What is required:
Pictures excluded, retype the lines from the one containing "今の状態は根気よくセルフケアもして頂いた結果です。" through the last line of the data below, both included.

Stored data:

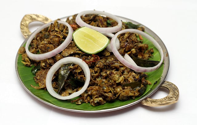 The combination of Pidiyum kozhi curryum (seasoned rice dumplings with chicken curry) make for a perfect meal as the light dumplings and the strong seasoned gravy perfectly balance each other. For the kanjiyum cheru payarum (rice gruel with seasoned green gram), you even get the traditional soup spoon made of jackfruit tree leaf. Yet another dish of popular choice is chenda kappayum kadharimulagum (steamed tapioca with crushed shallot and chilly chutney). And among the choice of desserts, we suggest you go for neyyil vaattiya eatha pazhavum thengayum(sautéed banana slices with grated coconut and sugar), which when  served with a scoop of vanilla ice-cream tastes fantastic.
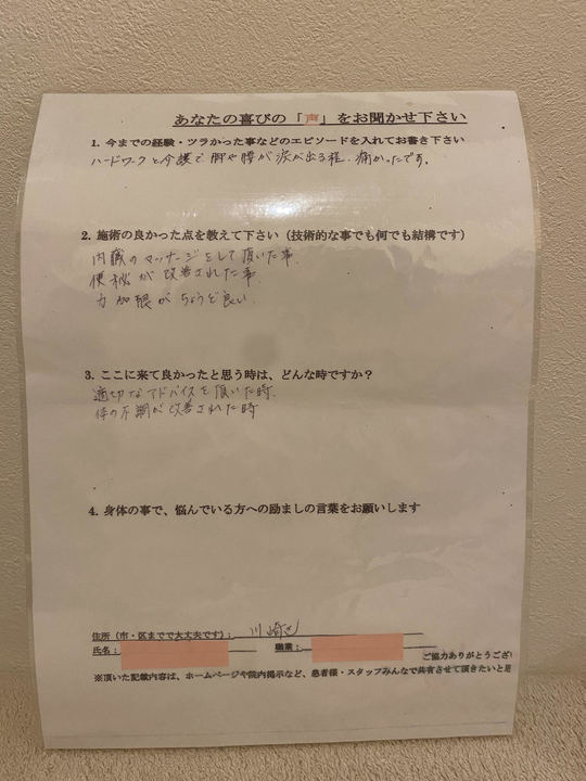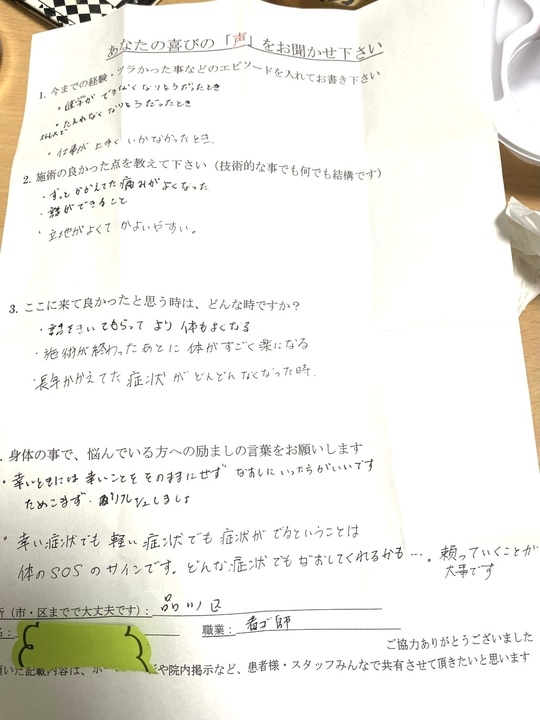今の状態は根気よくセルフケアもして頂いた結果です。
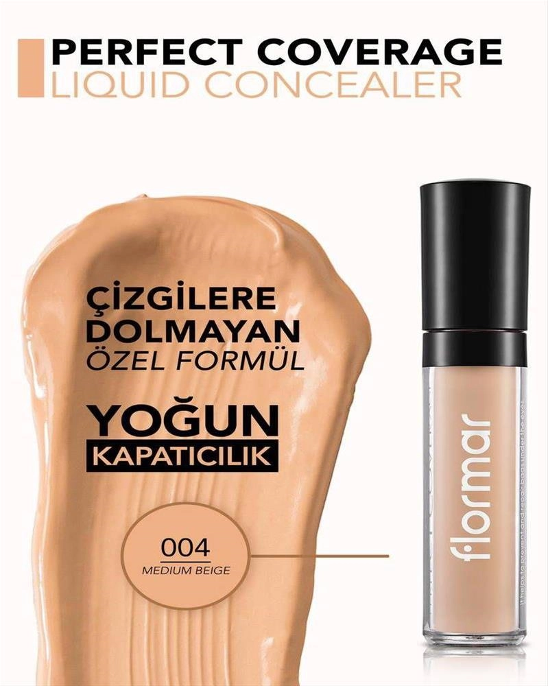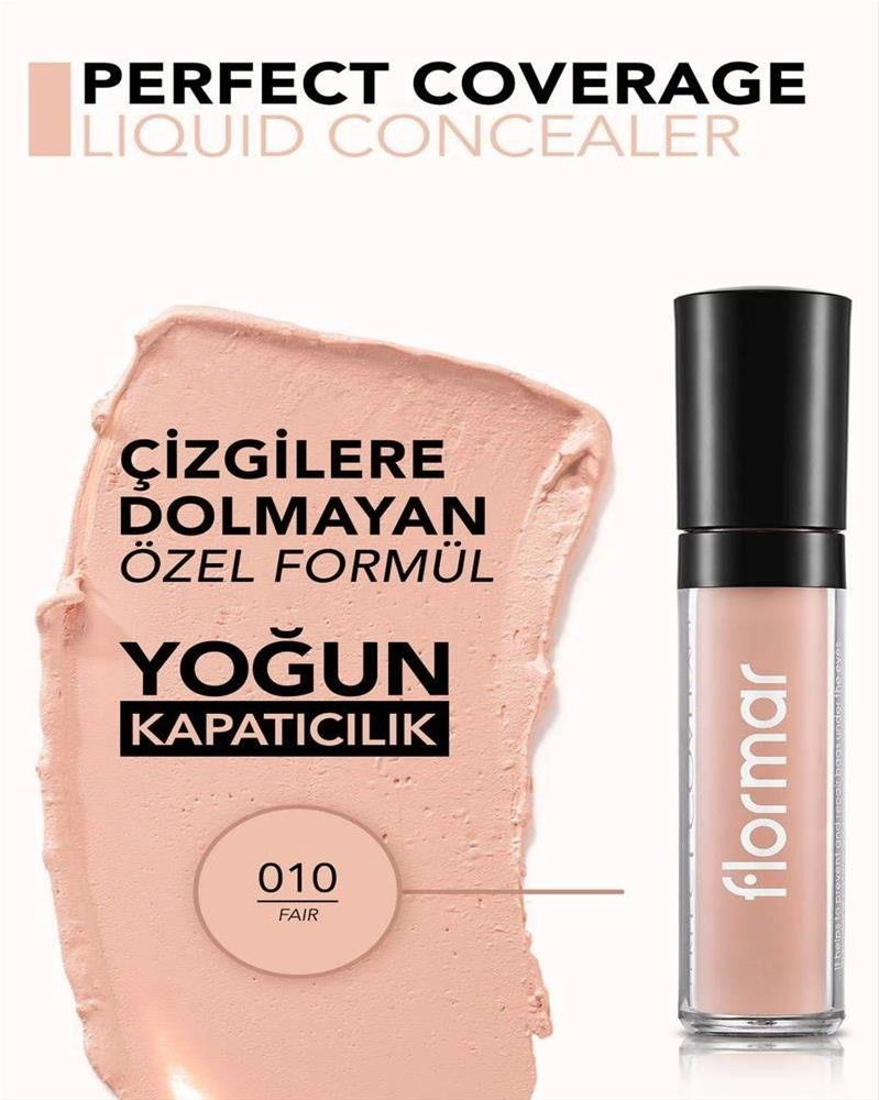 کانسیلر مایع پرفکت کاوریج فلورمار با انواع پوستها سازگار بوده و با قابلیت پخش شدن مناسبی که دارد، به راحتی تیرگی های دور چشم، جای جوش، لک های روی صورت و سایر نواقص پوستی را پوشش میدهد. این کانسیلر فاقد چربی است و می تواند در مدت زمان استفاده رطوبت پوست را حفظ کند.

Answer for the task:
今の状態は根気よくセルフケアもして頂いた結果です。
 کانسیلر مایع پرفکت کاوریج فلورمار با انواع پوستها سازگار بوده و با قابلیت پخش شدن مناسبی که دارد، به راحتی تیرگی های دور چشم، جای جوش، لک های روی صورت و سایر نواقص پوستی را پوشش میدهد. این کانسیلر فاقد چربی است و می تواند در مدت زمان استفاده رطوبت پوست را حفظ کند.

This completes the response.